Description
Description
I find the current output of the HashingVectorizer
quite counter-intuitive, mostly due to the mechanism used to handle hash collisions in the FeatureHasher
(the current implementation is conceptually close to the second example here). Without hash collisions, if two words have the same hash, the corresponding count value would be just of 2 (i.e. there was a collision). With this mechanism a random sign is added to the feature count (+1 or -1), so that when a collision occurs the result can be -2, 0 or +2.
- the +2, or -2 is essentially what would have happened without this mechanism, and is equivalent to say that the two words that produce the collision are identical (from the point of view of this algorithm), which is expected.
- the case of 0 (50% chance) is considered a successful hash collision resolution, and is equivalent of saying that neither of those 2 words were present in the text document to begin with. I fail to see how this is better than the case above.
The second case also is the reason for issue #3637 and #2665, which I tried to address in PR #7502 by adding a eliminate_zeros()
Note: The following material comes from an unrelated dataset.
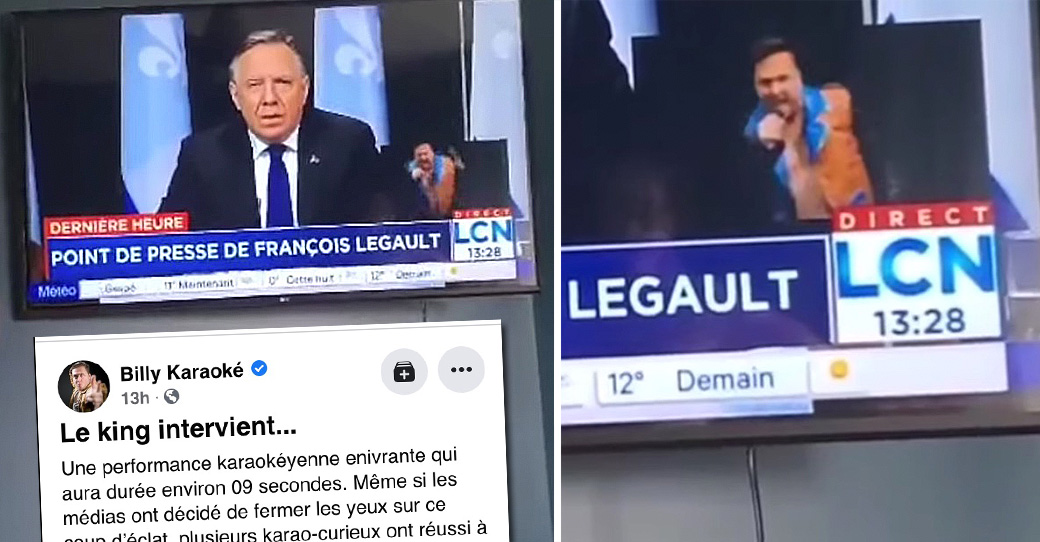 Billy Karaoké est tout un personnage sur le web. Extrêmement aimé et suivi par énormément de fans sur Facebook, il est toujours là pour défendre les droits du karaoké. On se souvient qu’il s’était accroché à un panneau publicitaire du 98,5 FM pour avoir une entrevue avec Paul Arcand ou encore il s’était enchaîné devant les bureaux de TVA pour avoir son moment avec Denis Lévesque. Ce coup-ci, il est apparu pendant 9 secondes lors du point de presse de François Legault.

call (as suggested in parent issues), but I'm not convinced this is the right thing to do anymore (i.e. why would we remove any mention that some words were in the corpus just because they happen to have the same hash).
I understand that the current implementation is based on Weinberger et al 2009 paper which is implemented in Vowpal Wabbit. However, is there any other studies that demonstrate that this hashing collision resolution is necessary and consistently gives better results?
Example
from sklearn.feature_extraction.text import CountVectorizer, HashingVectorizer
text = ['This is the first document.']
CountVectorizer().fit_transform(text).data
# => `array([1, 1, 1, 1, 1], dtype=int64)`, as expected
HashingVectorizer(norm=None).fit_transform(text).data
# => `array([ 1., 1., -1., -1., -1.])` # additional random sign added to the extracted elements.
HashingVectorizer(norm=None, n_features=10).fit_transform(text).data
# => array([ 0., -1., 1., -1.])` # one collision of +1 and -1 features producing 0
Issues
-
Negative feature counts in the output of HashingVectorizer do not make sense. It is not logical that roughly speaking hashing the keys of the CountVectorizer would also add a random sign on the counts.
-
If
non_negative=True
is passed to the constructor, the absolute value is taken. This undoes some of the collision handling [..]I don't think the latter part is correct. The collisions occur at the
sum_duplicates
call before the absolute value is taken, so this has no impact on collision handling IMO. -
Issues HashingVectorizer + TfidfTransformer fails because of a stored zero #3637 and possibly inefficient sparse matrix creation in FeatureHasher #2665
Proposed solution
It would be more logical to make non_negative=True
disable the hash collision resolution mechanism (i.e. make all the counts positive) in the HashingVectorizer which would address the issues 2. and 3 above. Making non_negative=True
the default would address 1. (though it is not backward compatible).